2. OPPORTUNITIES, THREATS, RISK AND CONCERNS: Opportunities:-

The aspirational consumer segment in India is increasing at a rapid pace, expanding the opportunities for growth of the business. At the same time, the current market penetration of vacation ownership in India is very low at around 2% compared to 11% in the US, indicating considerable scope for growth. However The Indias G20 Presidency and the opportunity to host international events, including the ICC Mens World Cup, is expected to increase demand for hotels in the cities hosting the events. Growth in Indias service sector and higher disposable income of people working in it, referred to in HSBCs Economic Research paper above is also expected to increase demand for corporate travel and holidays. All segments of leisure, weddings, conferences events, airline crew layovers and corporate travel are expected to grow further during the year. Your Company is in well position to take advantage of the following situations: Healthy economy having positive support of Tourism Sector. Well framed State and Central Government policies to attract tourists. Proximity to Railway station and Bus station. Healthy Competition in the city. Extending the product portfolio by offering various types of facilities. Demand b etween the national and the inbound tourists can b e easily managed due to difference in the period of holidays.

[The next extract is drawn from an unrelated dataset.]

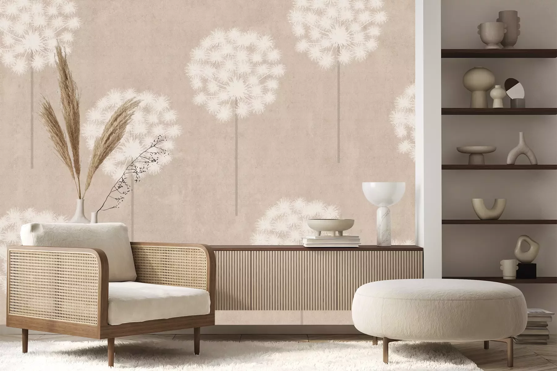 Het materiaal Premium+ is een gestructureerd vinyl op vlies met een gewicht van 255 g/m², dat kleine oneffenheden in de muur effectief camoufleert. De subtiele structuur van fijn zand geeft het oppervlak een exclusieve uitstraling, terwijl de halfmatte afwerking de diepte van de kleuren benadrukt. Het materiaal is dampdoorlatend, waardoor het ook in de keuken en badkamer kan worden gebruikt. De maximale breedte van één baan bedraagt 100 cm – bij grotere afmetingen wordt het fotobehang in meerdere gelijke banen verdeeld. De lijm wordt direct op de muur aangebracht en het behang wordt rand-aan-rand geplakt, wat zorgt voor een esthetisch resultaat zonder zichtbare naden. Het oppervlak kan gemakkelijk worden schoongemaakt door het voorzichtig af te nemen met een vochtige doek.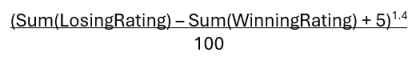 will dictate how many points the winners get, and how many points the losers lose. I'm still working through the formula, but a rough draft looks

Threats, Risk and Concerns:-

Although the pandemic related risks came down considerably during the year, one cannot rule out future outbreaks and disruptions in economic activity due to this. Global inflation remains persistently high even as major central banks acted in sync to tighten monetary policies. High inflation rate and rising interest rates will cause economic damage on the hospitality industry and severely curtail small businesses from growing, industry leaders have warned. Another operational risk involved in Hospitality Industry, is in the ability to consistently attract, retain and motivate managerial talent and other skilled personnel, especially in a high growth industry with unique characteristics. Further, some of the Companys resorts are exposed to the effect of natural calamities such as earthquake, flood, landslide, cyclone etc. that may affect the accessibility of the Hotels to members. There are also other regulatory and legal risks pertaining to tax proceedings, legal proceedings on properties, customer complaints, non-compliance of regulations including environmental regulations and those pertaining to the hospitality sector.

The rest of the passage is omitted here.